Paralisis dapat berlangsung beberapa jam bahkan sampai beberapa hari. Kadar kalium
dibawah 3 mEq/L . pada jenis hiperkalemik, kelumpuhan keempat anggota gerak bangkit
selalu setelah bekerja. Sebagian dengan miotonia atau sebagian tidak, paralisis biasanya tidak
berlangsung lama dan kadar kalium dalam serum lebih dari 4,2 mEq/L. Jenis normokalemik
sering menimbulkan kesukaran, baik dalam diagnosis maupun terapi. Serangan paralisis nya
sering bersifat total dan berlangsung lama. Pemberian kalium dapat memperburuk keadaan.

Pemeriksaan Radiologis

Selain anamnesis, pemeriksaan fisik dan pemeriksaan laboraturium yang


mengarahkan ke diagnosis tetraparese tipe lower maupun upper motor neuron, maka
diperlukan pemeriksaan radiologi untuk menyingkirkan penyebab yang lain.
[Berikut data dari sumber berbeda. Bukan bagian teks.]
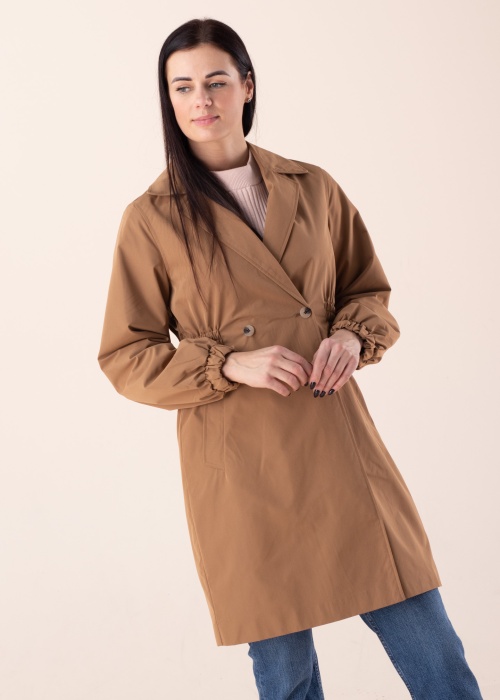 Armas ja trendikas Pieces kevad-sügismantel kaunistab igat naist ning tema riietust! Mantlit ilmestab sümpaatne reväärkrae ning kaherealine nööpkinnitus. Elastne taljeosa, mis lookleb mõlemal küljel annab mantlile naiseliku silueti. Ülerõiva esiosa ilmestavad kaks esitaskut ning täispikkade varrukate otstes lookleb elastne kumm, mis annab neile kergelt puhvvarrukate olemuse. Polüestrist pehme sisevooder on seljas mugav ning seljaosa tagumisel äärel on õrn lõhik, mis muudab liikumise mugavaks ja lihtsaks. Modelli pikkus on 176 cm ja kannab suurust S. Üldpikkus turjast alumise ääreni on 93 cm.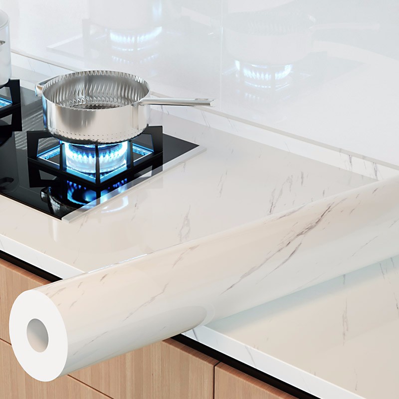5米厨房贴纸加厚防水PVC大理石纹厨房防油贴纸柜灶台用家具翻新贴瓷砖贴纸 迪拜灰-宽60cm*长5米(破损免费补寄) 大

Pemeriksaan
rontgen thoraco-lumbal juga dapat membantu menegakkan diagnosis.

2.9 PENATALAKSANAAN

Terapi Farmakologi

Tujuan pengobatan adalah mengobati gejala simptom dan memperbaiki keadaan


umum penderita. Pencegahan sebaiknya disesuaikan dengan faktor pencetusnya, Bila faktor
pencetusnya karena gangguan elektrolit, maka pemberian cairan elektrolit yang sesuai selama
serangan dapat mengurangi gejala. Pengobatan yang dianjurkan adalah pemberian kalium per
oral, jika keadaan berat mungkin dibutuhkan pemberian kalium intra vena. Penderita
mendapat pengobatan pencegahan dengan menghindari faktor-faktor pencetus dan pemberian
preparat kalium peroral.

Terapi non farmakologi

Rehabilitasi secara komprehensif dengan melakukan fisioterapi yang dilakukan


setelah onset terbukti meningkatkan fungsi saraf motorik dengan tetraparese

2.10 PROGNOSIS

Sekitar 60-70% pasien dengan tetraparalisis dapat sembuh tanpa cacat. Faktor-faktor
lain diduga berhubungan dengan prognosis pasien. Pasien yang berusia 50 tahun atau lebih
tua memiliki sekitar 30% pemulihan tanpa adanya kecacatan. Pasien yang lebih muda
memiliki pemulihan tanpa adanya kecacatan lebih besar.